In a Chicago holding cell early one evening in February 2006, five guards piled on top of a 49-year-old man who was angry he was going back to Ecuador, according to a nurse's account in his deportation file. As they pinned him down so the nurse could punch a needle through his coveralls into his right buttock, one officer stood over him menacingly and taunted, "Nighty-night."

Such episodes are among more than 250 cases The Washington Post has identified in which the government has, without medical reason, given drugs meant to treat serious psychiatric disorders to people it has shipped out of the United States since 2003 -- the year the Bush administration handed the job of deportation to the Department of Homeland Security's new Immigration and Customs Enforcement agency, known as ICE.
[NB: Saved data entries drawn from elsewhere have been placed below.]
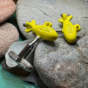 Beautiful Cool Yellow Submarine stainless steel cuff links that feature enamel work and cool detailing.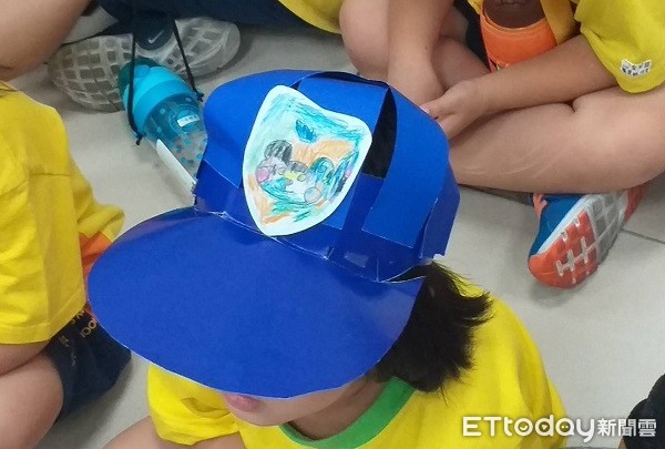 ▲小朋友頭戴自製警徽帽子快樂參觀警分局。(圖/桃園警分局提供)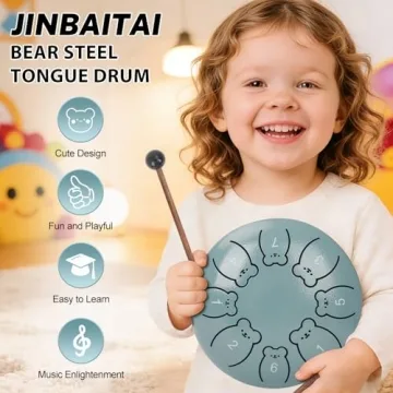Show more Introducing the JINBAITAI Bear Steel Tongue Drum—a delightful 6-inch musical instrument designed to enchant both children and adults alike! This beautifully crafted drum features adorable bear-shaped cutouts that not only captivate young imaginations but also make it an excellent introduction to the world of music. Tuned to a soothing C Major pentatonic scale with 8 resonant notes, this handpan drum ensures that every strike will trigger harmonious melodies, making it impossible to hit a wrong note. Crafted from high-quality carbon steel, it is sturdy yet lightweight, perfect for both indoor and outdoor play.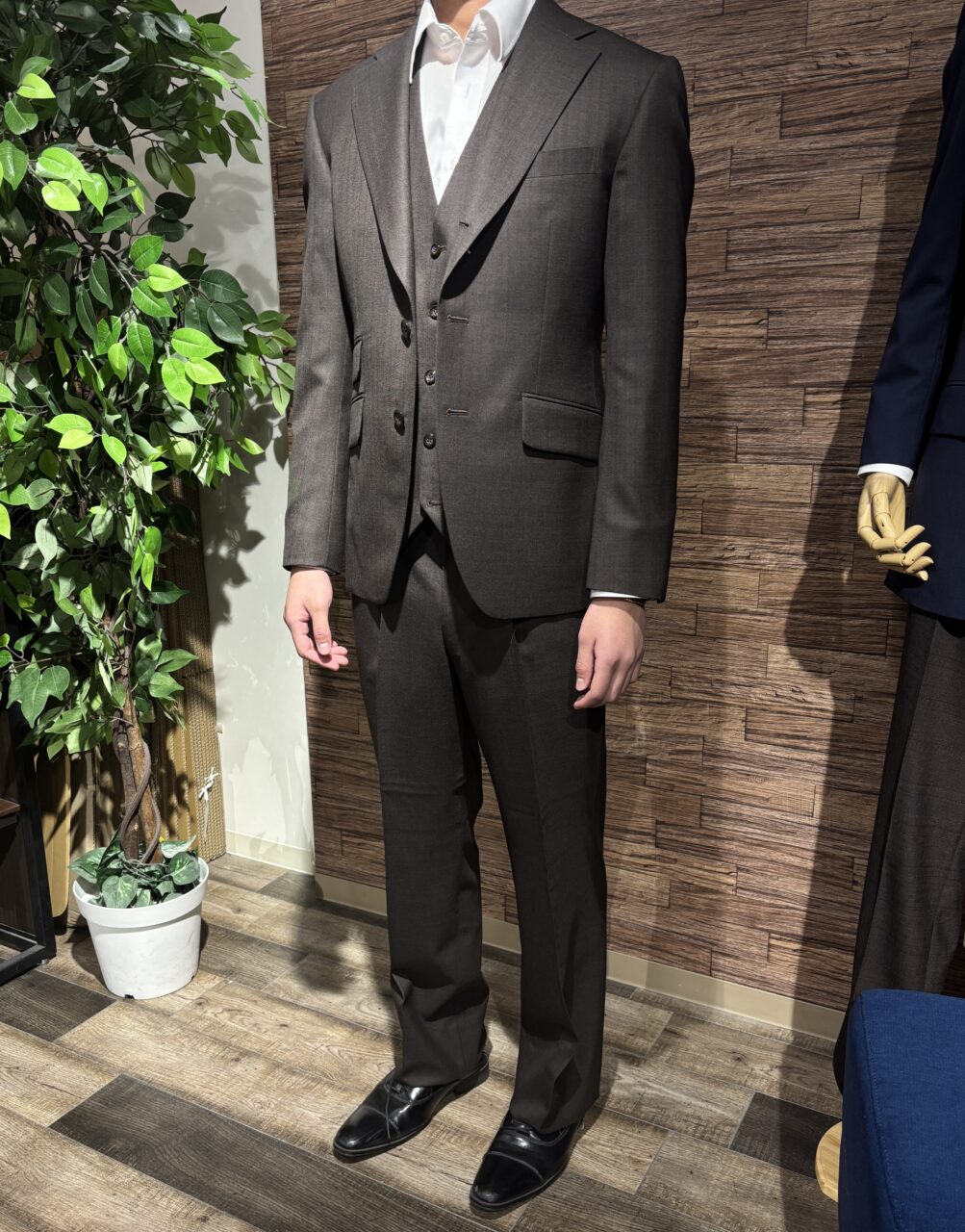オーダーでこそ作れる短丈ワイドパンツスーツ S.H様 オーダースーツSADA 丸井錦糸町店 投稿日 2026年1月5日 NEW! 最終更新日 2026年1月5日 3つ釦段返り3ピーススーツ 生地素材 ELEGANCE 7-6840 ブラウンシャドーストライプ 裏地 ペイズリーこげ茶色 SU653 ボタン ブラウン光沢釦 K-48 オプションその他 スタイリッシュなスラントポケット クラシックなチェンジポケット 袖口重ね釦 脚長効果のある短めな着丈 ワイドで弱フレアなシルエットのパンツ 担当スタイリスト 成田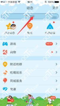 1、登陆手机QQ以后没在动态里即可看到搜索选项,如图;

Involuntary chemical restraint of detainees, unless there is a medical justification, is a violation of some international human rights codes. The practice is banned by several countries where, confidential documents make clear, U.S. escorts have been unable to inject deportees with extra doses of drugs during layovers en route to faraway places.

Federal officials have seldom acknowledged publicly that they sedate people for deportation. The few times officials have spoken of the practice, they have understated it, portraying sedation as rare and "an act of last resort." Neither is true, records and interviews indicate.

Records show that the government has routinely ignored its own rules, which allow deportees to be sedated only if they have a mental illness requiring the drugs, or if they are so aggressive that they imperil themselves or people around them.

Stung by lawsuits over two sedation cases, the agency changed its policy in June to require a court order before drugging any deportee for behavioral rather than psychiatric reasons. In at least one instance identified by The Post, the agency appears not to have followed those rules.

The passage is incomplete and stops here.